Мне было шесть лет, а ей — девять.
После «Сережи» следующий фильм снимать было страшно. Конечно, хотелось такого же успеха, призов на фестивале, статей в газетах… Но я понял: буду рассчитывать на успех — вообще никогда ничего не сниму. Не надо думать о результатах. Надо снимать то, что самому нравится и за что потом не будет стыдно.
И я взял в Первом объединении сценарий Виктора Конецкого «Путь к причалу».
Конецкий жил в Ленинграде и приехал в Москву для подписания договора.
А вечером он должен был прийти ко мне домой — знакомиться.
Виктор Викторович Конецкий невзлюбил меня сразу: я встретил его босой и с подвернутыми штанами. Был приготовлен обед, на кухне был накрыт стол… Но я обещал маме натереть пол и не рассчитал время.
А Конецкий решил, что это пренебрежение зазнавшегося столичного киношника к неизвестному (тогда) автору.
Но это еще не все. Еще больше он меня возненавидел, когда мы заговорили о сценарии и я сказал, что история его героя, боцмана Россомахи, — для меня не главное, меня больше интересует настроение и антураж. А Конецкий, штурман дальнего плавания, написал о реальном событии, в котором участвовал сам. И боцман тоже был списан с реального человека. И именно о боцмане, об этом нелюдимом, одиноком моряке написал он свой сценарий.

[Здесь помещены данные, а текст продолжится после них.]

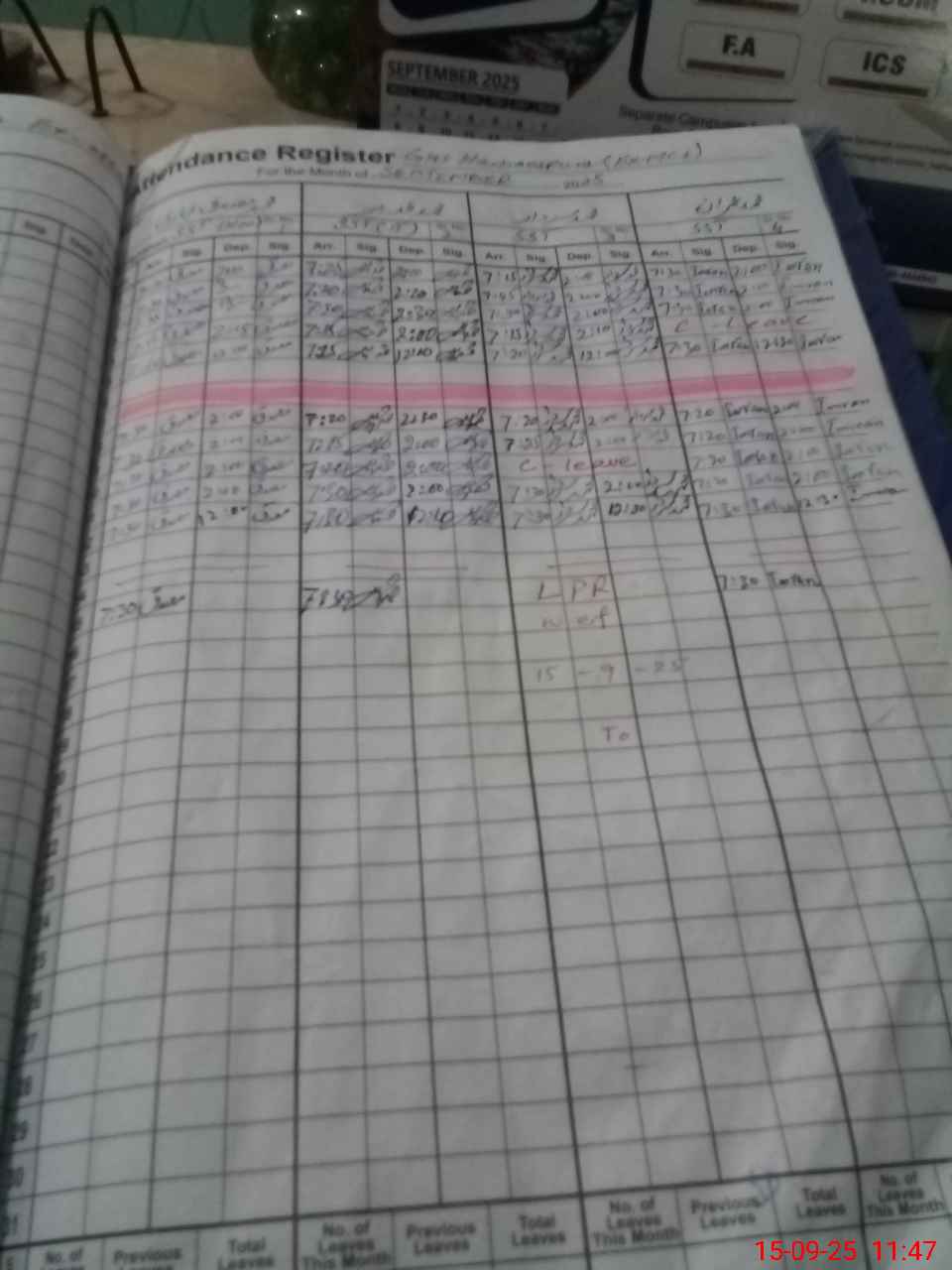 Leave Type | Remarks for today (Leave,Training, Exam,Absent,Late, Other duty) |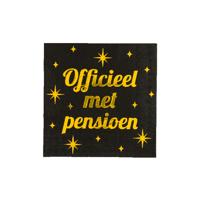 Maak een pensioenfeest extra feestelijk met deze Pensioen Servetten Zwart Goud van 19 cm. De elegante servetten met de tekst Pensioen in zwart-goud design geven direct een luxe uitstraling aan de feesttafel.
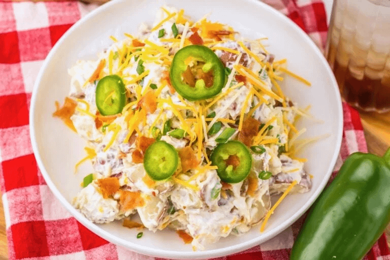 Delicious[ **Jalapeno Popper Potato Salad**](https://www.kimschob.com/jalapeno-popper-potato-salad/) combines the rich creaminess of homemade potato salad with the smoky heat of bacon jalapeno poppers. Ready in just **35 minutes**, it’s surprisingly easy to make.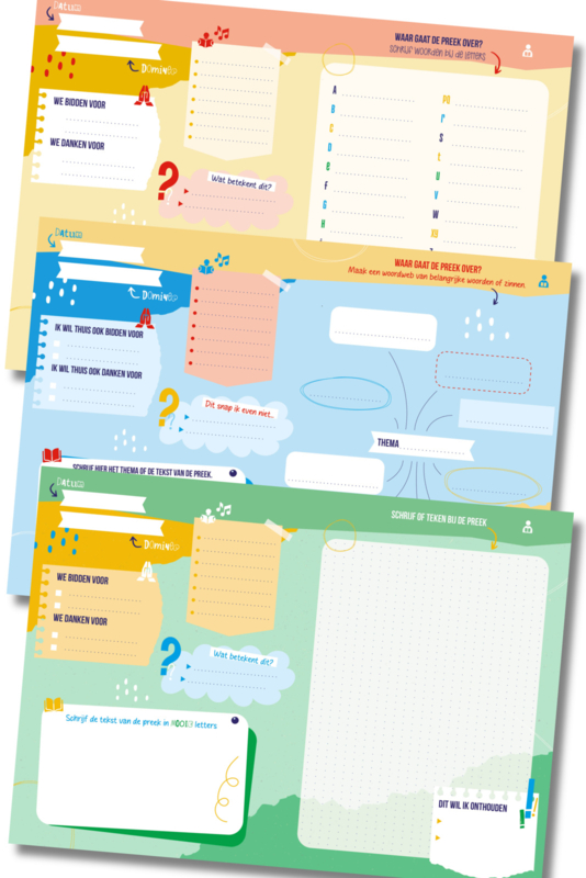 Het boekje in A5 formaat bevat 48 bladzijden (in kleur) voor aantekeningen van 23 diensten. Waaronder 2 doopdiensten en 1 avondmaalsdienst achterin het boekje.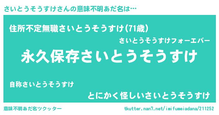 | ヘコむあだ名 | 『さいとうそうすけ(爆)』『さいぷりん』 |
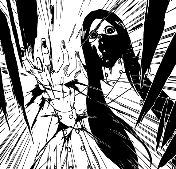 Ohatsu da la vuelta cuando de repente Toketsu y Akane salen de la nube de humo y la atacan con sus uñas y bisento, pero ella se percata y usa a sus marionetas para detenerlos usando a Ira para frenar el Bisento de Toketsu y Envidia para detener las garras de Akane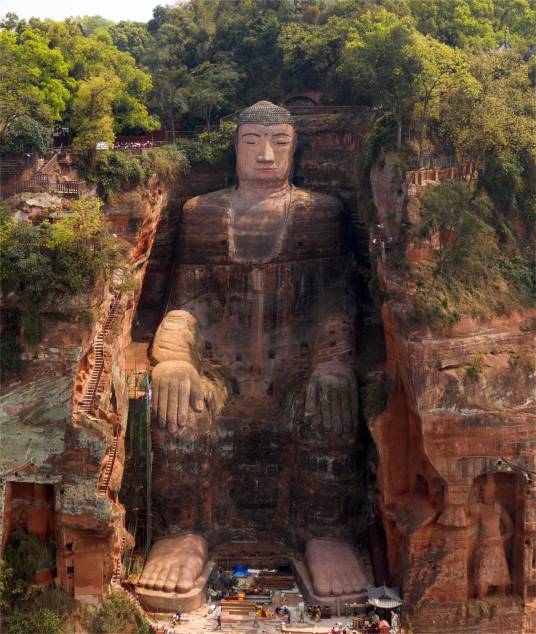 樂山大佛,又名凌云大佛,全稱為“嘉州凌云寺大彌勒石像”,位于四川省樂山市南岷江東岸凌云寺側,瀕大渡河、青衣江和岷江三江匯流處。大佛為彌勒佛坐像,通高71米,是中國最大的一尊摩崖石刻造像。樂山大佛開鑿于唐代開元元年(713年),完成于貞元十九年(803年),歷時約九十年。

Я Конецкого возненавидел позже, когда два с половиной месяца вынужден был каждое утро слушать, как он поет (два с половиной месяца мы провели в одной каюте, — изучая материал к фильму, шли на сухогрузе «Леваневский» по Северному морскому пути). Пел он фальшиво, гнусным голосом, всегда одну и ту же песню… А не петь Конецкий не мог — это вошло у него в привычку.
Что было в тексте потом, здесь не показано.